Instructions to follow. Your copy of the data should leave out the images and match everything else exactly.

Data excerpts.
[Start of section]
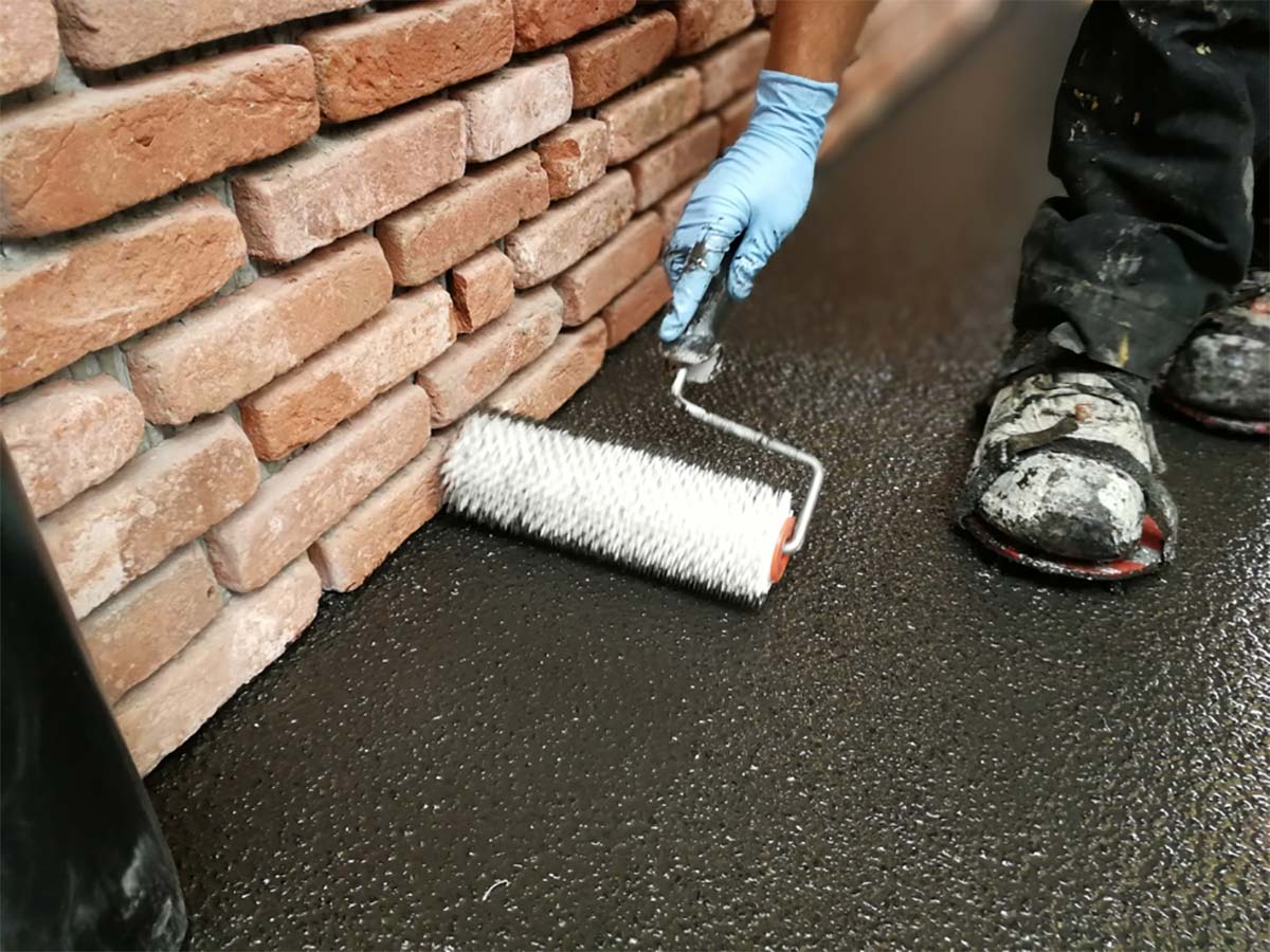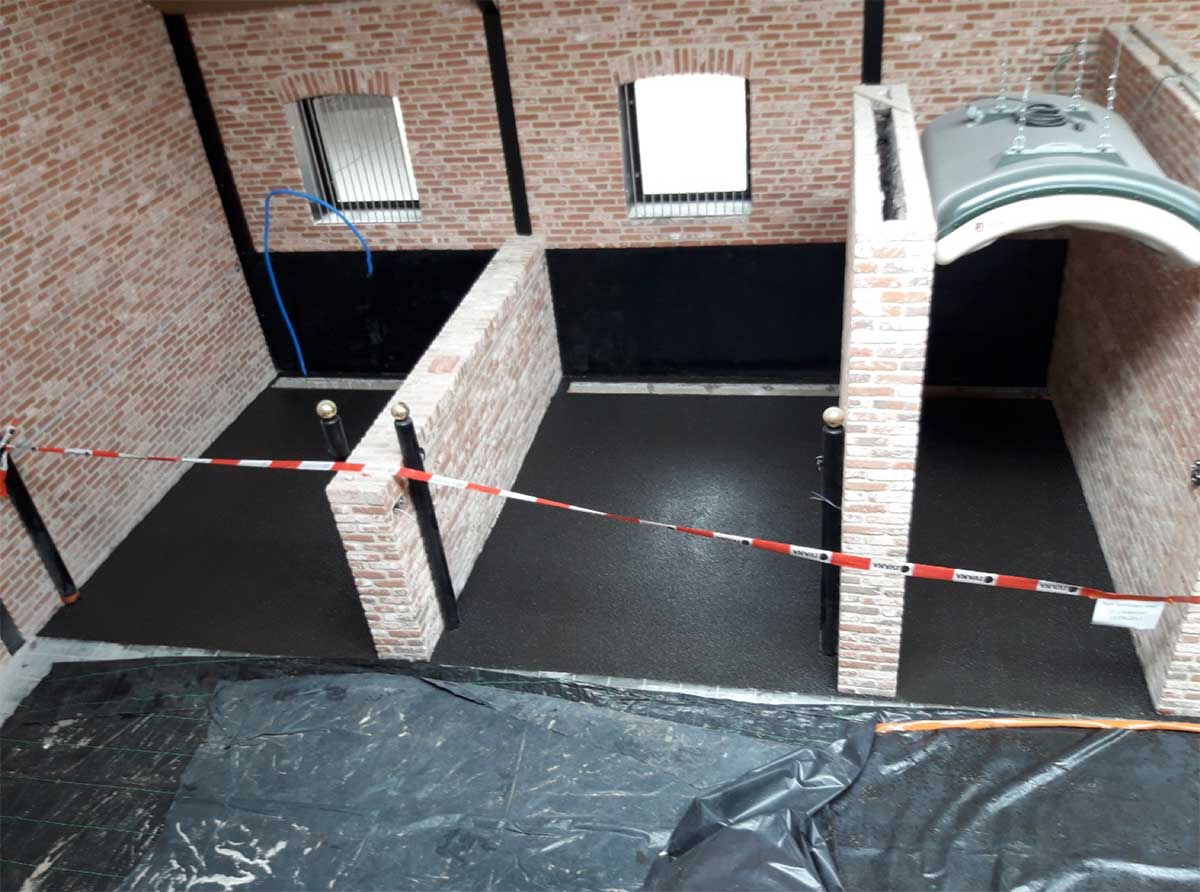 - De polyurethaan gietvloer werd uitgegoten op de beton die eerst voorzien werd van een primer.
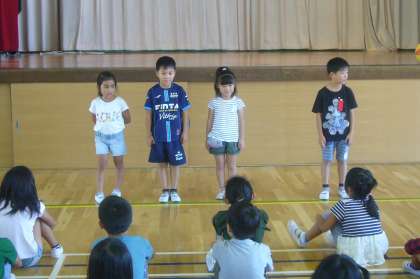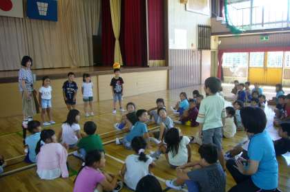自己紹介から質問コーナー、そしてお祝いの歌に「きこりとりす」のお楽しみ遊びをしました。
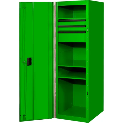 Extreme Tools RX Side Locker, 3 Drawers & 4 Shelves, 24"W x 30"D x 60-7/8"H, Green w/ Black Handles
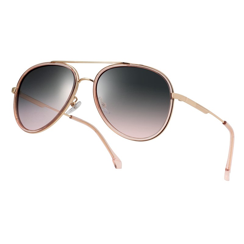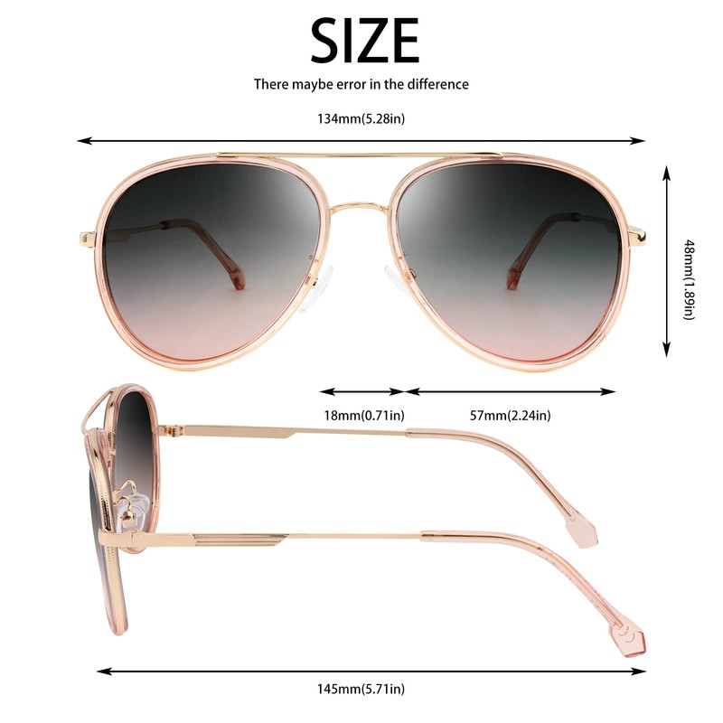 POLARKING Oversized Aviator Polarized Sunglasses for Women Men,Oval Double Bridge Metal Frame Sun Glasses UV400 Protection Pink
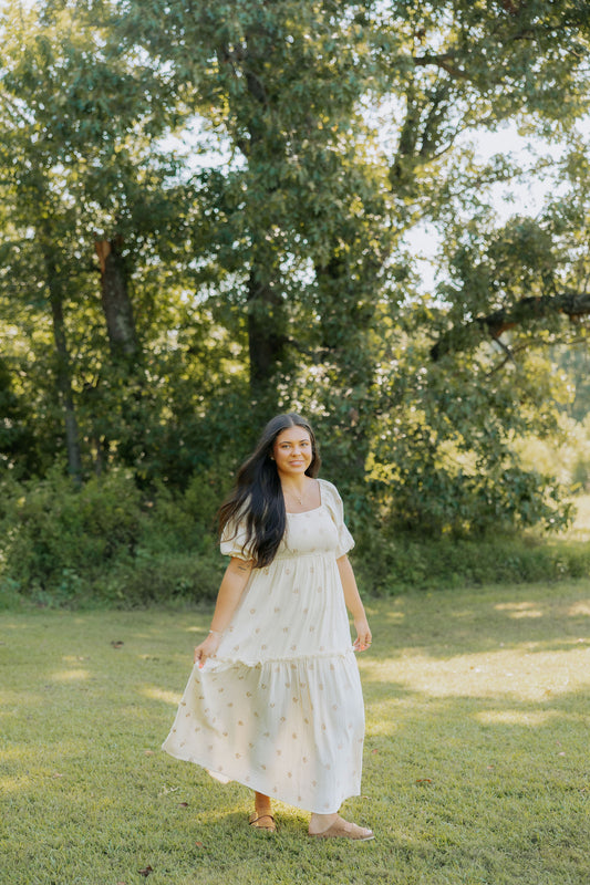 Beige Floral Embroidered Maxi
[End of section]
Reply to the task.
 - De polyurethaan gietvloer werd uitgegoten op de beton die eerst voorzien werd van een primer.
自己紹介から質問コーナー、そしてお祝いの歌に「きこりとりす」のお楽しみ遊びをしました。
 Extreme Tools RX Side Locker, 3 Drawers & 4 Shelves, 24"W x 30"D x 60-7/8"H, Green w/ Black Handles
 POLARKING Oversized Aviator Polarized Sunglasses for Women Men,Oval Double Bridge Metal Frame Sun Glasses UV400 Protection Pink
 Beige Floral Embroidered Maxi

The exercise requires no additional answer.